The task: Pictures excluded, reproduce exactly the lines below from the one with "女子向けラノベタイトル風あだ名 | 『悪役れぱに転生したようですが、知った事ではありません』 |" through the one with "韓国 オルチャン CO39", both included.

Material for the task:
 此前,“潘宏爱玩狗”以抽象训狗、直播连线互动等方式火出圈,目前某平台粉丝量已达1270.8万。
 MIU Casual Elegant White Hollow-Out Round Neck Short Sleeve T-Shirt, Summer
---
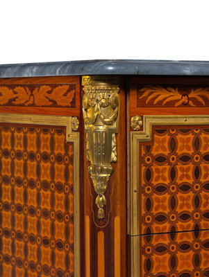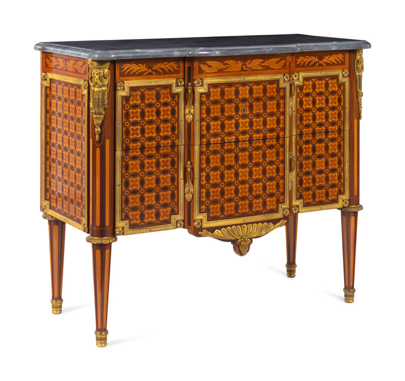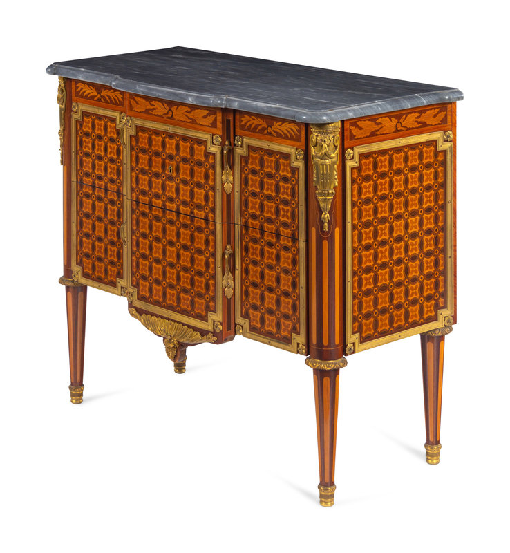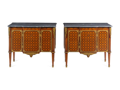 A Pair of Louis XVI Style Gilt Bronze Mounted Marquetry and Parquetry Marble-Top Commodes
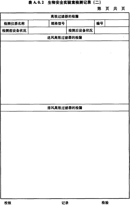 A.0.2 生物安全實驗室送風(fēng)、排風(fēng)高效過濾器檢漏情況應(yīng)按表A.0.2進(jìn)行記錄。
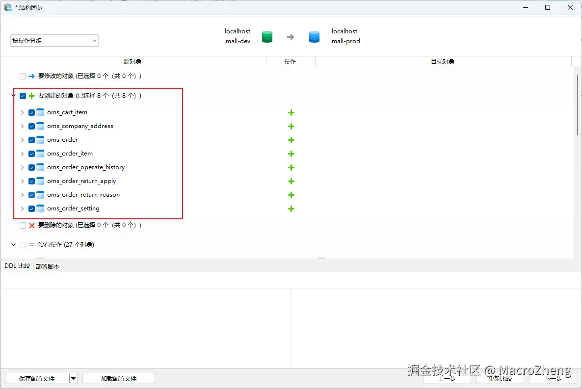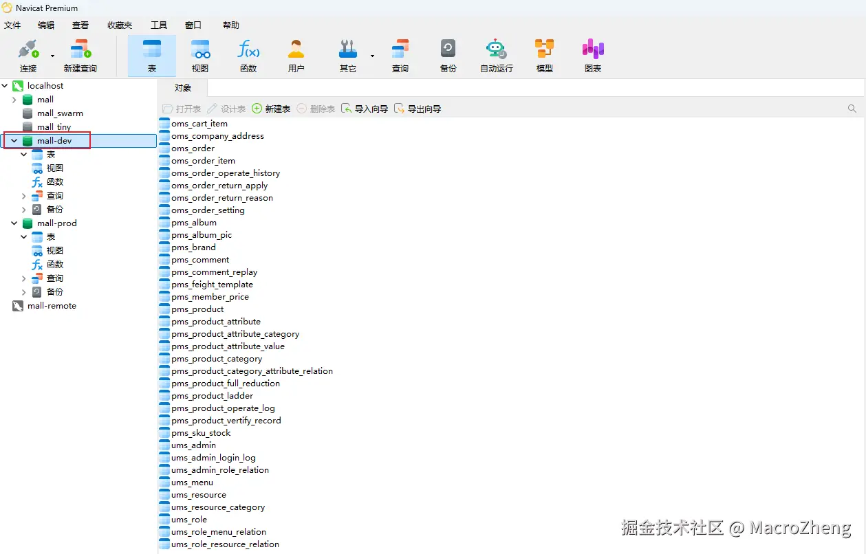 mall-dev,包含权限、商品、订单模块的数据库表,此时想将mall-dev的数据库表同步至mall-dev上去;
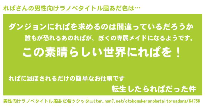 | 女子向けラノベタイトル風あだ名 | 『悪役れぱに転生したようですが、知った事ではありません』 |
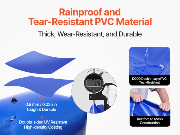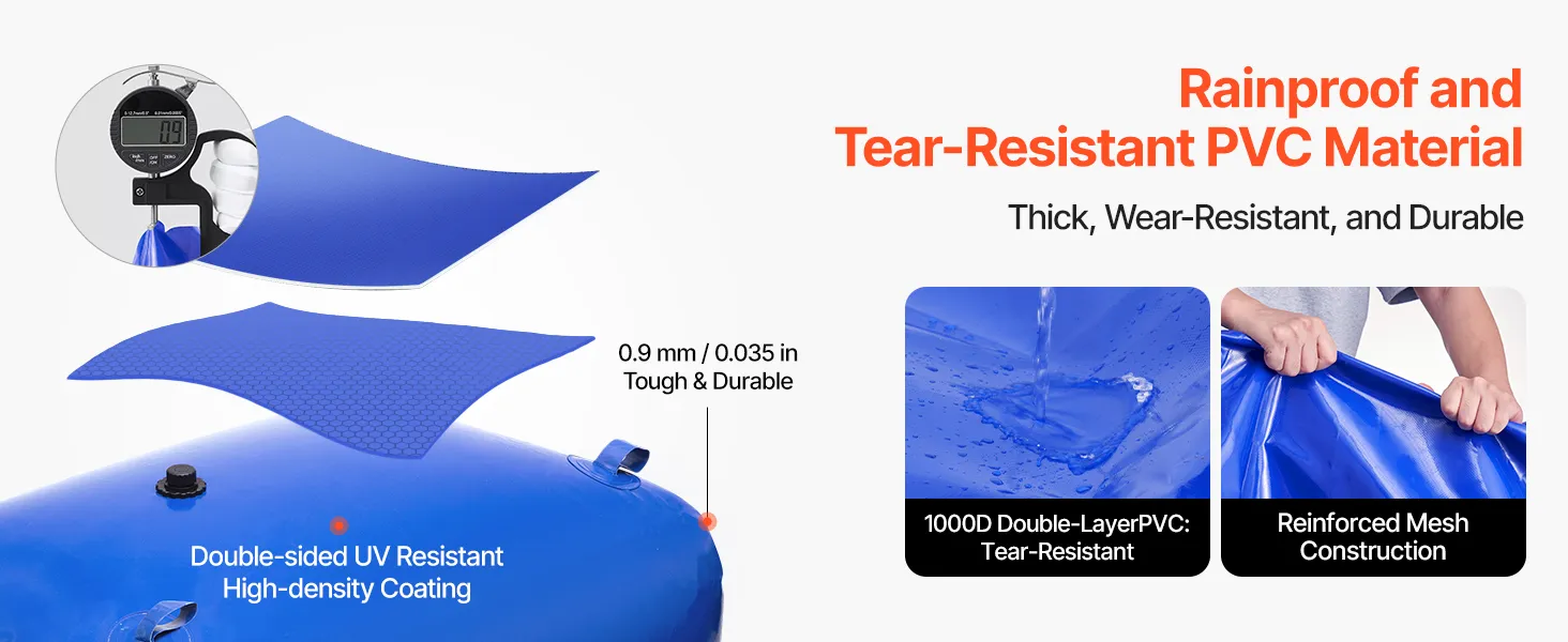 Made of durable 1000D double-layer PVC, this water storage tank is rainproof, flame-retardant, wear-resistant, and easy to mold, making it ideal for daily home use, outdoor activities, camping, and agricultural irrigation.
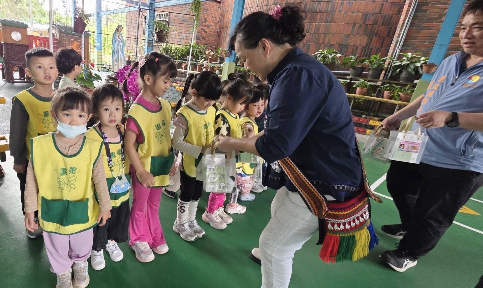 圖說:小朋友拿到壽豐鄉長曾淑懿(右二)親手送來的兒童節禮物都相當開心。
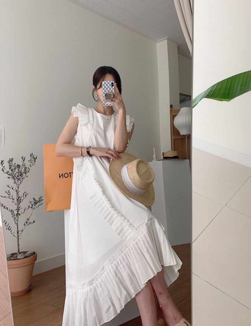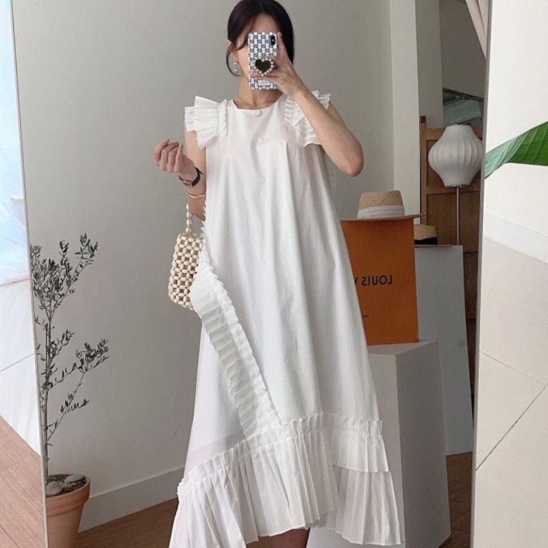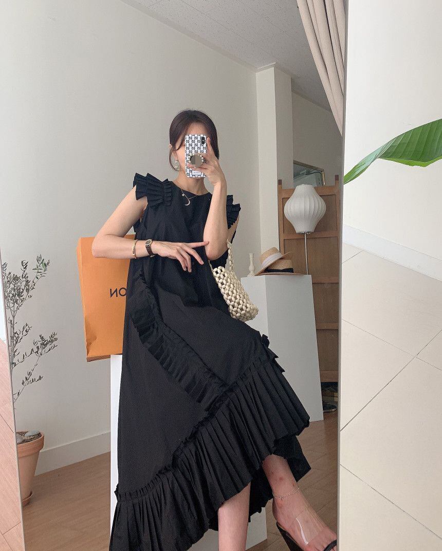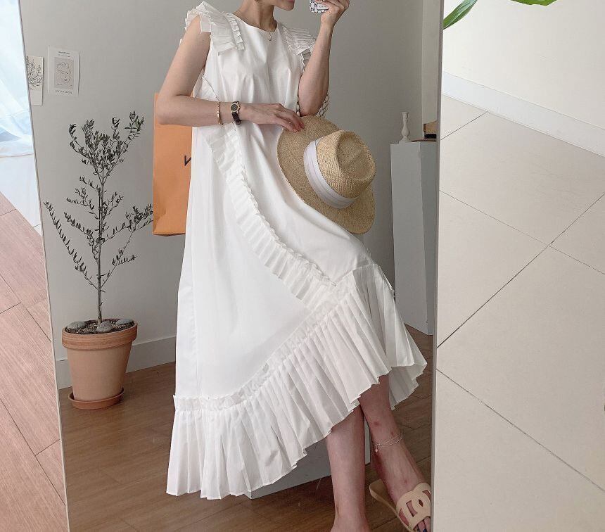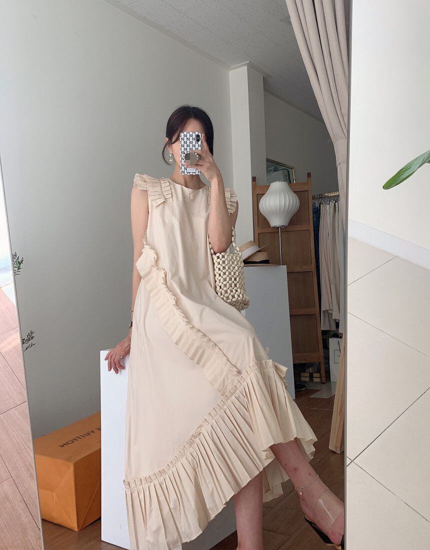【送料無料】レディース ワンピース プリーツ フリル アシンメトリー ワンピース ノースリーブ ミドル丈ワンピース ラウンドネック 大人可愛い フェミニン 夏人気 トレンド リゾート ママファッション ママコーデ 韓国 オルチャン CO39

Response for this exercise:
 | 女子向けラノベタイトル風あだ名 | 『悪役れぱに転生したようですが、知った事ではありません』 |
 Made of durable 1000D double-layer PVC, this water storage tank is rainproof, flame-retardant, wear-resistant, and easy to mold, making it ideal for daily home use, outdoor activities, camping, and agricultural irrigation.
 圖說:小朋友拿到壽豐鄉長曾淑懿(右二)親手送來的兒童節禮物都相當開心。
【送料無料】レディース ワンピース プリーツ フリル アシンメトリー ワンピース ノースリーブ ミドル丈ワンピース ラウンドネック 大人可愛い フェミニン 夏人気 トレンド リゾート ママファッション ママコーデ 韓国 オルチャン CO39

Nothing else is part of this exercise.